假性醛固酮减少症Ⅱ型的分子遗传学研究进展

2019-03-18 01:39
国际心血管病杂志 2019年4期
关键词:重吸收错义显性

假性醛固酮减少症(PHA)是指醛固酮水平正常或升高,但由于机体对内源性醛固酮反应性降低而表现出醛固酮减少相关症状的一类疾病。该病可分为Ⅰ型的与Ⅱ型, PHAⅠ型的特点为盐丢失,表现为低钠性脱水及低血压。PHA Ⅱ型临床表现为高血钾、高血压、低肾素、代谢性酸中毒,但肾小球滤过率正常[1],是一种罕见的常染色体遗传病。该病于1964年由Paver和Pauline首先报道,其患病率目前尚不清楚,呈家族性发病,亦有散发病例报道[2-3]。

PHA Ⅱ分为5个亚型,分别为PHA ⅡA、PHA ⅡB、PHA ⅡC、PHA ⅡD和PHA ⅡE, 其中PHA ⅡA亚型的致病基因定位于1q31-q42,尚未被克隆,其他4个亚型的致病基因已被克隆,分别是WNK4、WNK1、KLHL3和CUL3基因,通常以显性方式遗传,少数PHA ⅡD也以隐性方式遗传。

1 1q31-q42与PHA ⅡA

PHA ⅡA又称家族高钾性高血压、Gordon综合征。Mansfield等[4]于1997年通过对8个常染色体显性遗传的PHA Ⅱ家族研究初步发现,PHA ⅡA与染色体1q31-q42有关,其连锁系数(LOD)为3.95。之后未见1q31-q42与PHA ⅡA关系的进一步研究。至今PHA ⅡA的致病基因未被克隆。

2 WNK4与PHA ⅡB

2001年Wilson等[5]将PHA ⅡB的致病基因WNK4基因定位于17q21.2,该基因含19个外显子,基因全长16 kb。WNK4属于赖氨酸缺乏蛋白激酶(WNK)家族,该家族是一类丝氨酸/苏氨酸蛋白激酶,因在激酶功能域缺乏保守的赖氨酸而得名,其主要作用为调控钾-氢交换和钠-氯吸收。WNK家族共有4个成员,分别是WNK1、WNK2、WNK3 和WNK4,其中WNK4 和 WNK1异常分别导致 PHA ⅡB和PHA ⅡC[6]。

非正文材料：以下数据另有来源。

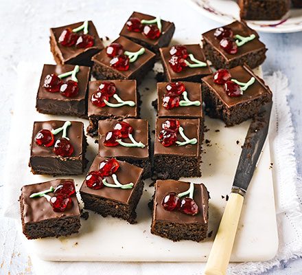 These easy-to-make, fudgy brownies, full with retro ornament, marry a much-loved flavour pairing of cherry and chocolate

目前已经发现8种WNK4基因突变与PHA ⅡB有关,突变形式为错义突变和无义突变[1,7-10], 突变位点位于外显子7和17,如Arg1185Lys、Glu562Lys、Asp564Ala、Lys1169Glu、Gln565Glu、Glu560Gly、Pro561Leu、Asp564His,这些突变均导致WNK4基因功能改变[11]。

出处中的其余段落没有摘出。